Cytotoxicity and DNA topoisomerase inhibitory activity of benz[f]indole-4,9-dione analogs

A series of benz[f]indole-4,9-diones, based on the antitumor activity of 1,4-naphthoquinone, were synthesized and evaluated for their cytotoxic activity in cultured human cancer cell lines A549 (lung cancer), Col2 (colon cancer), and SNU-638 (stomach cancer), and also for the inhibition of human DNA topoisomerases I and II activity in vitro. Several compounds including 2-amino-3-ethoxycarbonyl-N-methyl-benz[f]indole-4,9-dione showed a potential cytotoxic activity judged by IC50<20.0 microg/ml in the panel of cancer cell lines.
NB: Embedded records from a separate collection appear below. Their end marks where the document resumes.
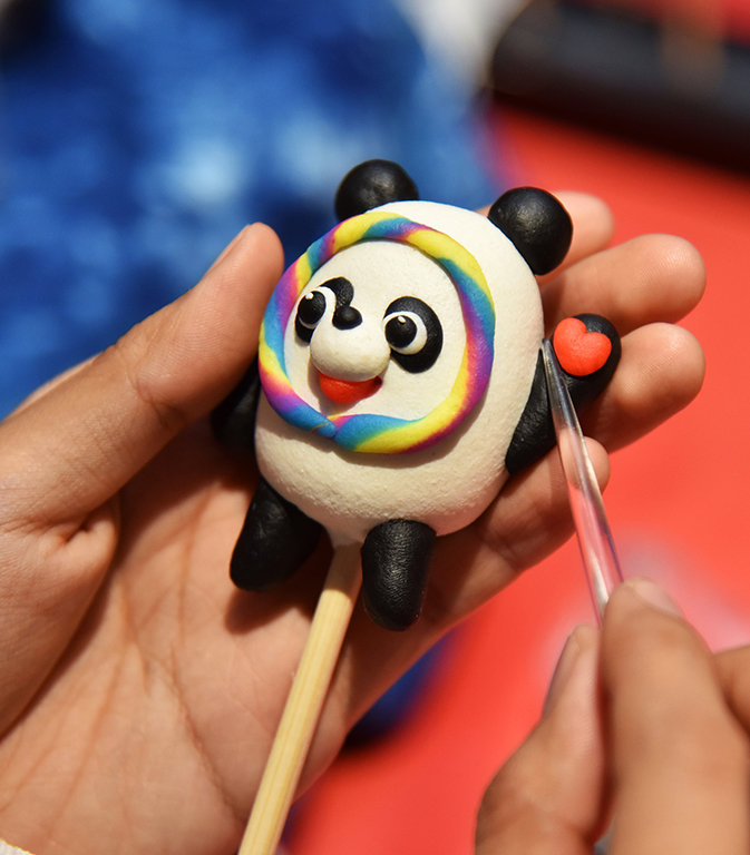 Young female inheritor makes dough dolls of Bing Dwen Dwen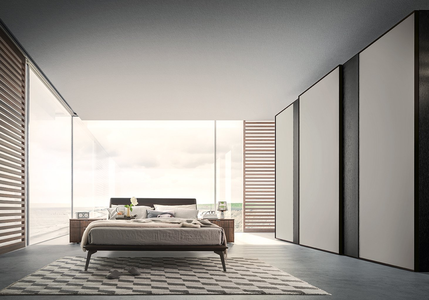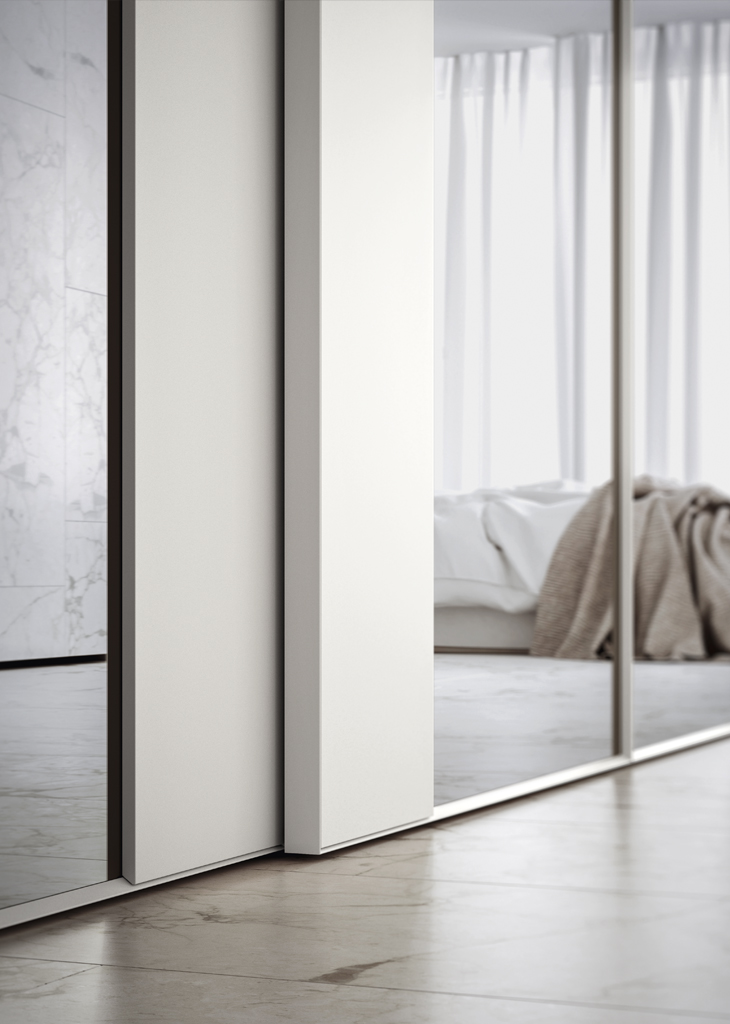 Frame is a wardrobe with sliding door that combines two contrasting finishes. Available in multiple finishes, even with silk-screened glass.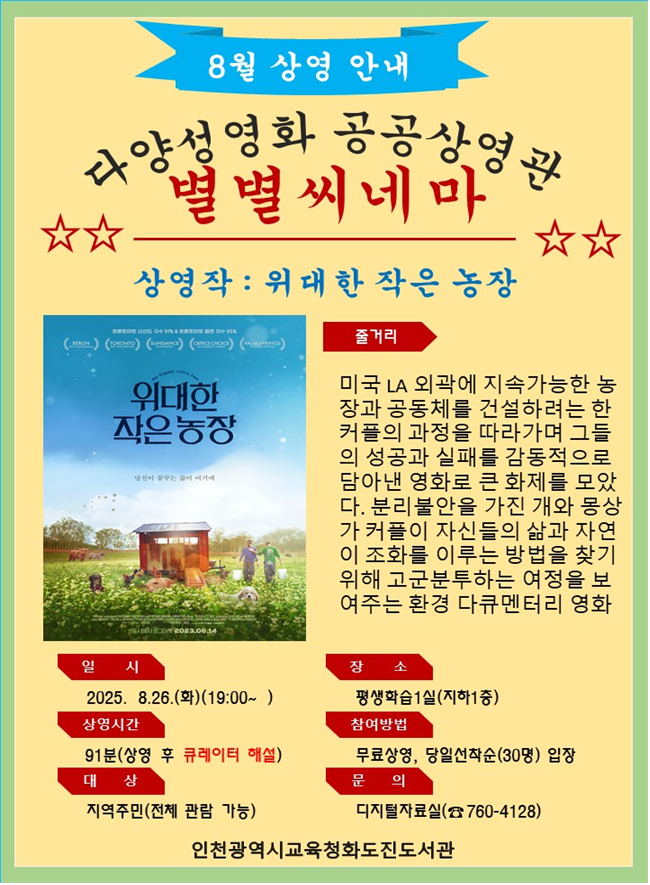 프로그램은 11월까지 매월 넷째 주 화요일 오후 7시, 화도진도서관 평생학습 1실에서 진행되며, 8월 26일 상영작은 존 체스터 감독의 ‘위대한 작은 농장’이다.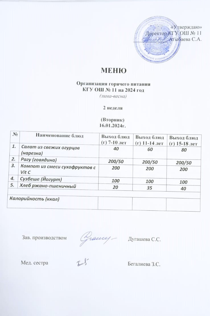 Мәзір (қыс-көктем) Меню (зима-весна)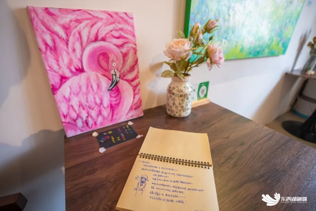 “花甜喜柿”店内不少顾客在留言本上留言交流。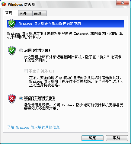 打開--開始菜單---設(shè)置----控制面板,里面找到“Windows防火墻”打開如下圖所示,一般情況下用路由器上網(wǎng)的則不需要此防火墻,關(guān)閉即可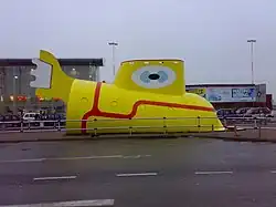 The Yellow Submarine in Liverpool is a large model representation of the submarine featured in the 1968 animated film Yellow Submarine, inspired by the 1966 song of the same name on The Beatles' album Revolver. It was built by a group of about 80 apprentices from Cammell Laird's shipyard, designed in part by Mr L Pinch, a draughtsman at the yard, for exhibition at the International Garden Festival in Liverpool in 1984.[1] The Submarine was in a garden themed around the Beatles, one of 60 such themed gardens, and was highly popular. The garden took the form of an apple-shaped labyrinth, containing symbolic references to the group, and included a bronze statue of John Lennon, which now stands at Liverpool John Lennon Airport.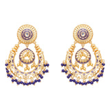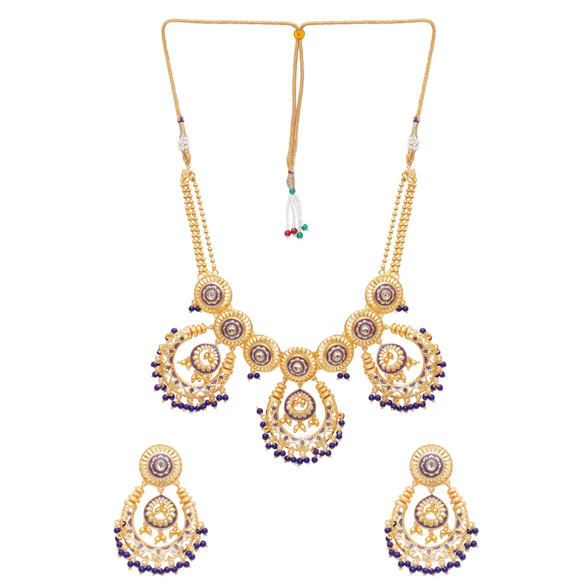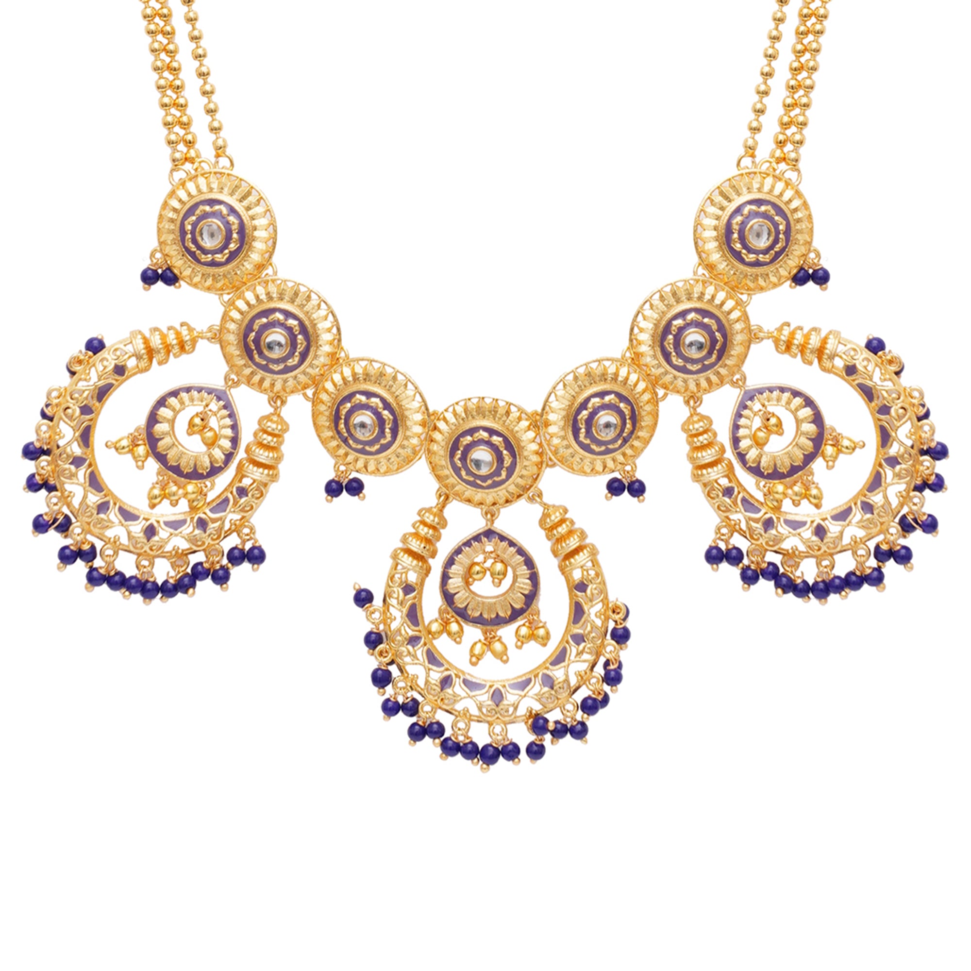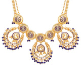Brass jewellery set with classic yellow gold plating and purple enamel. High polish gemstones adorn the necklace and drop earrings, which promise to be a comfortable wear at all times. Pair the set with a saree or ethnic skirt.
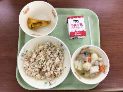 今日はエビピラフにしました。給食で使用するエビは料理によって大きさを変えています。今日のピラフには食べやすいように、小ぶりのエビを選びました。エビの味がごはんに染みて、おいしいピラフができたと思います。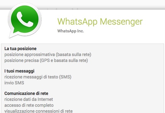 TELEFONATE – WhatsApp richiede il permesso di chiamare direttamente un numero di telefono. La richiesta è giustificata, perché dall’applicazione si può inoltrare una chiamata ai propri contatti, appoggiandosi però al proprio gestore telefonico, così come per gli SMS. L’app serve in pratica per lanciare la chiamata, che poi passerà attraverso canali tradizionali.

Especially, 2-hydroxy-3-ethoxycarbonyl-N-(3,4-dimethylphenyl)-benz[f]indole-4,9-dione had potential selective cytotoxicity against lung cancer cells (IC50=0.4 microg/ml)) compared to colon (IC50>20.0 microg/ml) and stomach (IC50>20.0 microg/ml) cancer cells. To further investigate the cytotoxic mechanism, the effects of test compounds on DNA topoisomerase I and II activities were used. In a topoisomerase I-mediated relaxation assay using human placenta DNA topoisomerase I and supercoiled pHOTI plasmid DNA, 2-amino-3-ethoxycarbonyl-N-(4-fluorophenyl)-benz[f]indole-4,9-dione had the most potent inhibitory activity among the compounds tested. However, most of the compounds showed only weak inhibition of the DNA topoisomerase II-mediated KDNA (Kinetoplast DNA) decatenation assay, except for 2-amino-3-ethoxycarbonyl-N-(4-methylphenyl)-benz[f]indole-4,9-dione and 2-amino-3-ethoxycarbonyl-N-(2-bromoehtyl)-benz[f]indole-4,9-dione with a moderate inhibitory activity. These results suggest that several active compounds had relatively selective inhibitory activity against toposiomearse I compared to toposiomerase II. No obvious correlation was observed between the cytotoxicity of the individual compound and the inhibitory activity of DNA relaxation and decatenation by topoisomerase I and II, respectively, in vitro.